Virgil chasqueó la lengua parodiando a una maestra de escuela.

—No es cierto, Ricky. Lo que has averiguado es que en este juego todo, incluido el probable resultado, se juega en un campo diseñado especialmente para ti. Creo que mi jefe ha sido de lo más generoso, si tenemos en cuenta sus opciones. Tienes una oportunidad, pequeña por supuesto, de salvar la vida de otra persona y la tuya propia contestando a una sencilla pregunta: ¿Quién es Rumplestiltskin? Y, como no quiere ser injusto, te ha dado una solución alternativa, menos atractiva para ti, sí, pero que dará a tu lamentable existencia algún significado en tus últimos días.
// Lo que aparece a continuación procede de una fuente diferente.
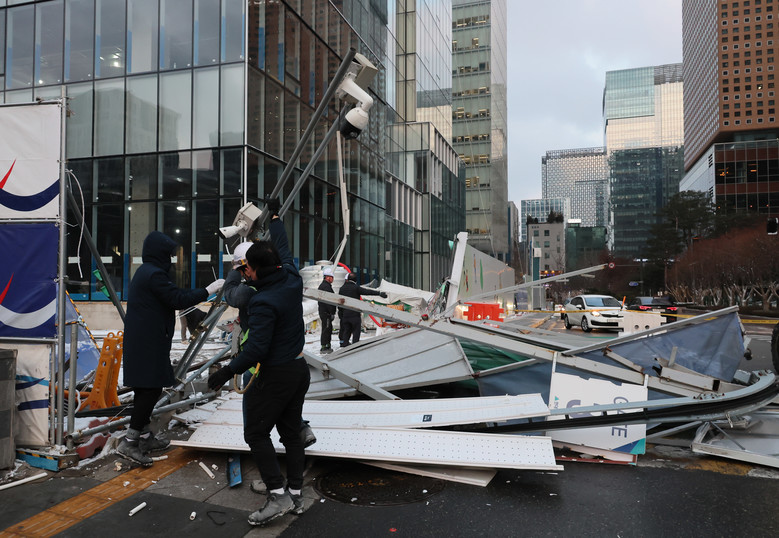 강풍에 쓰러진 공사장 펜스
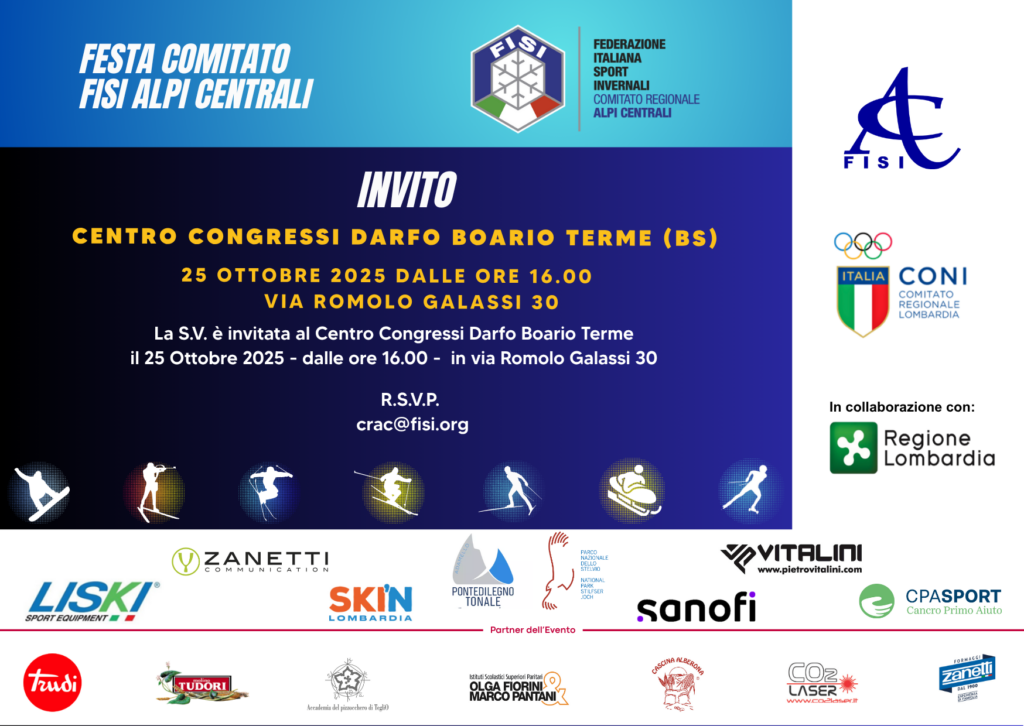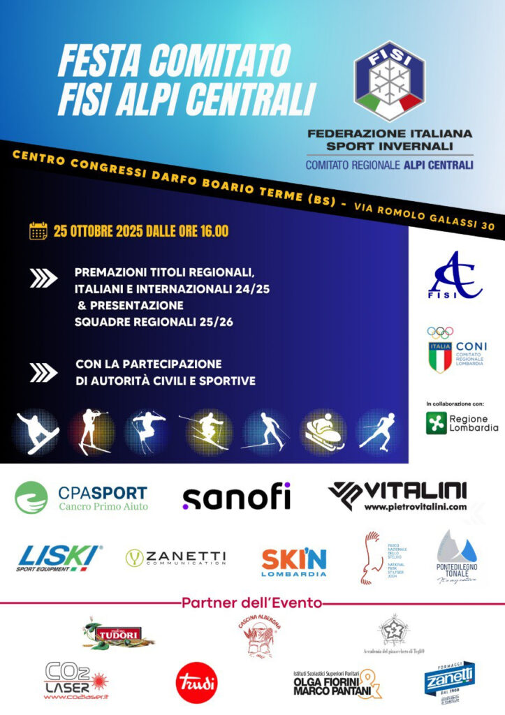 Milano, 2 ottobre 2025 IL Comitato Fisi Alpi Centrali è lieto di invitarvi alla Festa classica di inizio stagione che si terrà il sabato 25 ottobre, al Centro Congressi di Dario Boario Terme a partire dalle ore 16.Con la partecipazione di Autorità civili, sportive e federali, sarà l’occasione di premiare i titoli regionali, italiani ed internazionali degli Atleti Alpi Centrali
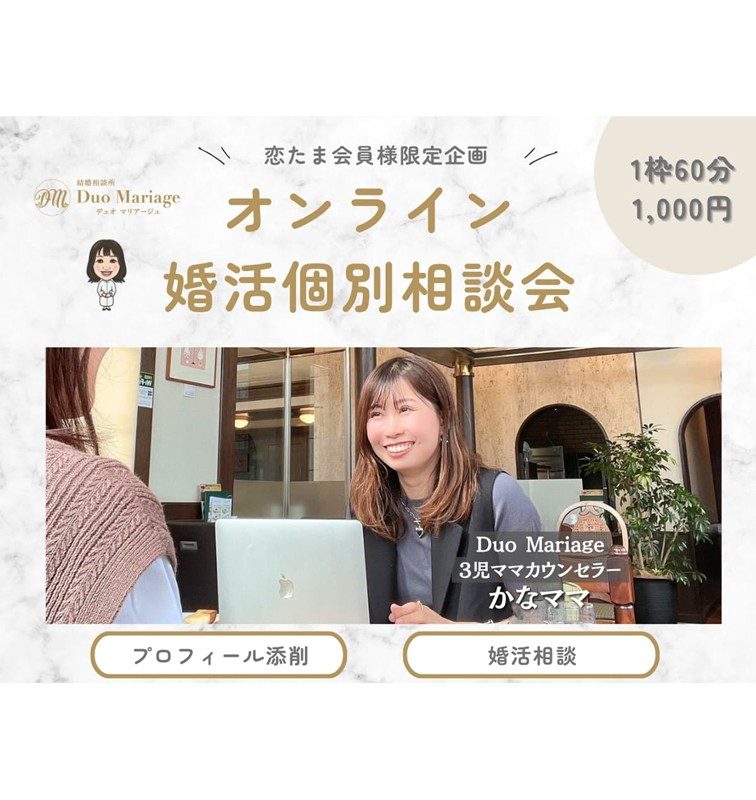 この度、恋たま提携結婚相談所「Duo Mariage(デュオマリアージュ)」による恋たま会員限定のオンライン婚活相談会を開催いたします。
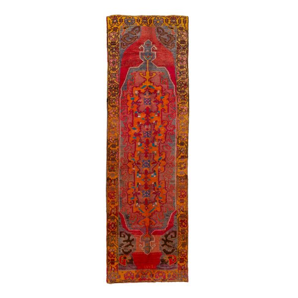 Orange Vintage Traditional Anatolian Wool Rug - 4'2" x 13'9"
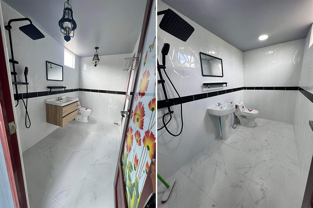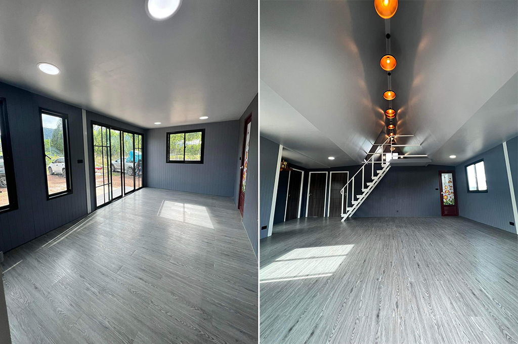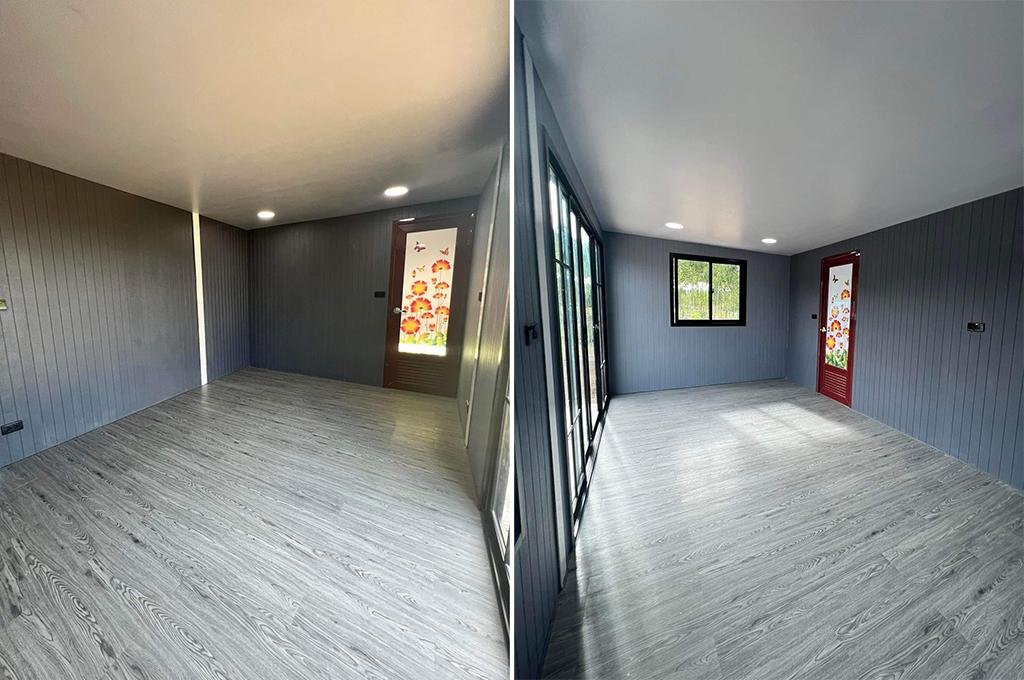 ภายในบ้านตกแต่งยางเรียบหรูผนังโทนสีเทา ฝ้าเพดานเรียบติดตั้งโคมไฟ และหลอดไฟแสงสว่างให้อย่างดีสวยงาม
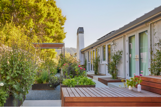 對于圖中這個舊金山灣區(qū)的院子,景觀設計師 Lisa Howard 的客戶想要一個多功能的花園,她可以在那里嘗試不同的花卉和可食用植物。她還希望這個空間對孩子友好,這樣她的孩子們就可以和她一起享受收獲香草蔬菜和剪切花卉的樂趣。Howard 規(guī)劃了這個空間,添加了大型種植箱、座椅、礫石和一個工作臺。
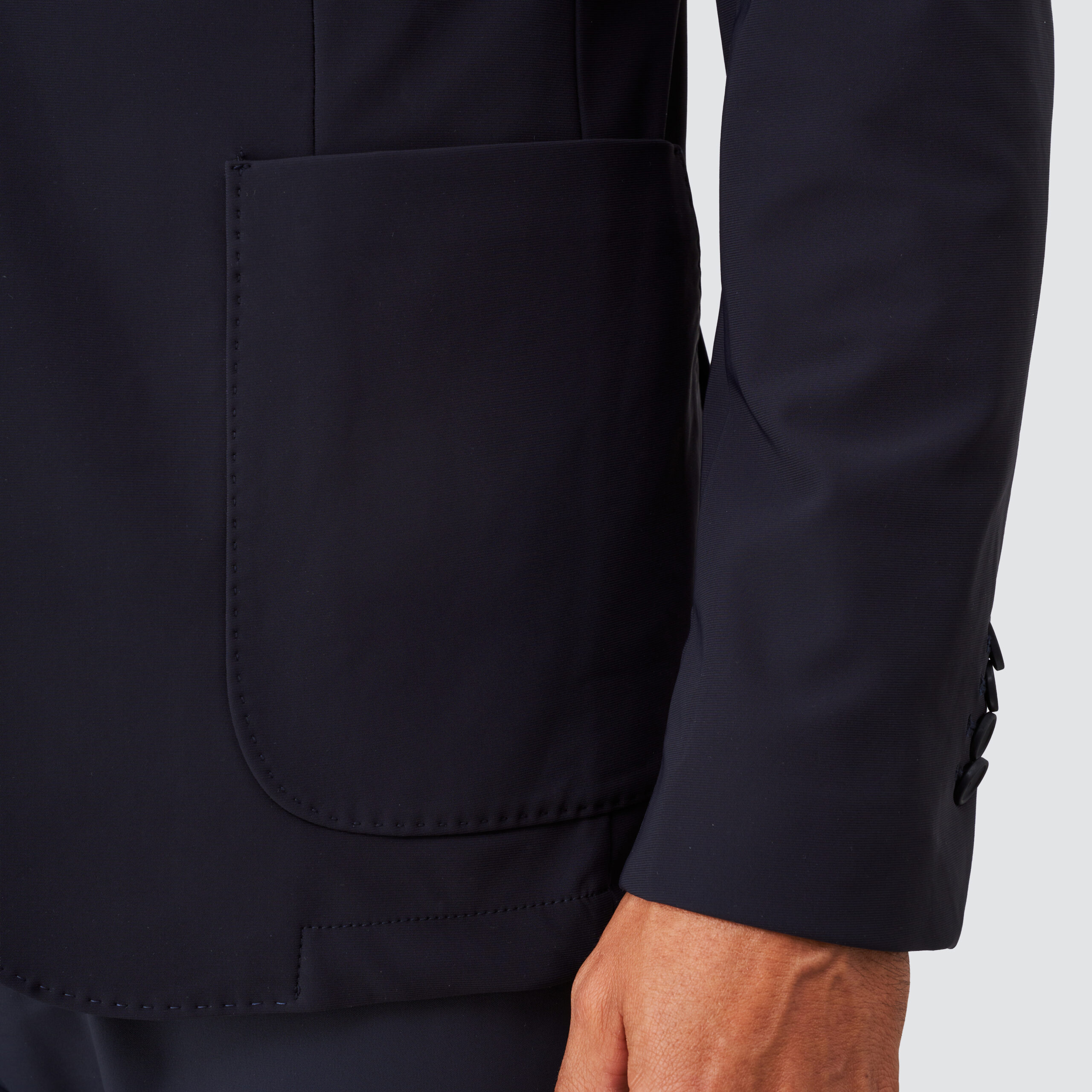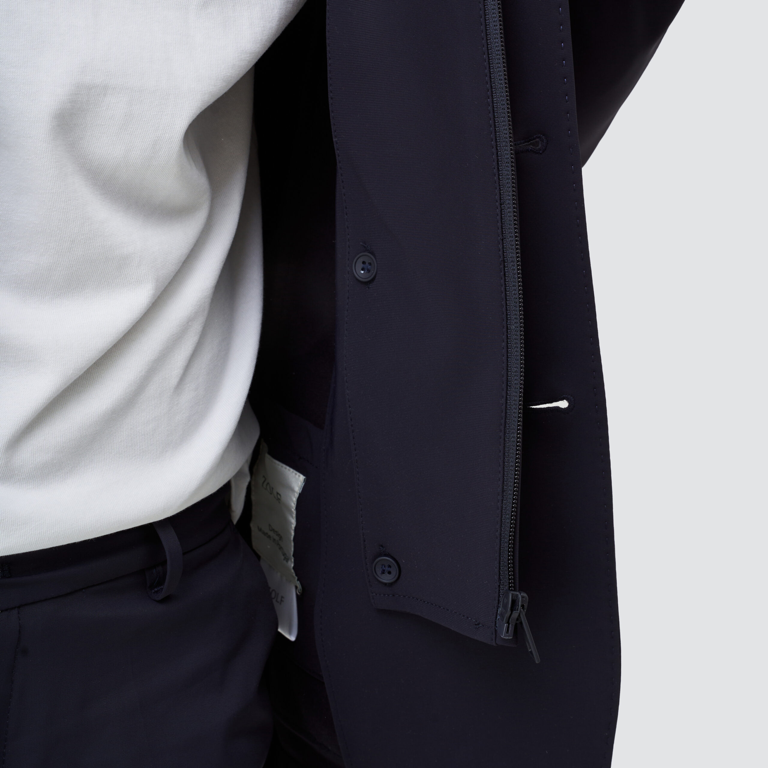 O design inovador destaca-se pela fusão de blazer clássico com capuz e fecho desportivo, criando um estilo contemporâneo e versátil. Os bolsos frontais e os botões adicionam funcionalidade e detalhe refinado à peça.
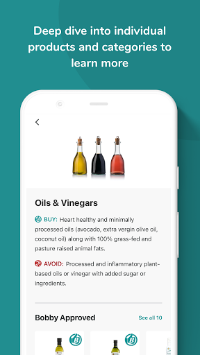 Bobby Approved helps shoppers quickly assess grocery products by scanning barcodes or searching/browsing by store, brand, or aisle. It flags problematic ingredients, highlights why an item is or isn’t approved, and teaches users how to read labels for higher-quality choices.

No mucha gente tiene esa clase de oportunidad, Ricky, me refiero a irse a la tumba sabiendo que su sacrificio ha salvado a otra persona de algún horror desconocido. Es algo que raya en la santidad, Ricky. Y se te ofrece sin los encantadores tres milagros que la Iglesia católica suele exigir, aunque creo que perdonan uno o dos cuando el candidato es encomiable. ¿Cómo se hace para perdonar un milagro cuando es necesario para ser aceptado en el club? Bueno, ésa es una pregunta fascinante que podremos debatir con detenimiento en otro momento. Ahora, Ricky, deberías volver a las pistas que has recibido y ponerte en marcha. Estás perdiendo tiempo y no te queda mucho. ¿Has hecho alguna vez un análisis con una fecha límite, Ricky? Porque de eso se trata. Seguiré en contacto contigo. Recuerda, Virgil nunca está lejos. —Inspiró hondo y añadió—: ¿Lo has entendido todo, Ricky? —Como él guardó silencio, lo repitió, esta vez en tono más amenazador—. ¿Lo has entendido todo, Ricky?

—Sí —contestó él antes de colgar. Pero, por supuesto, no era así.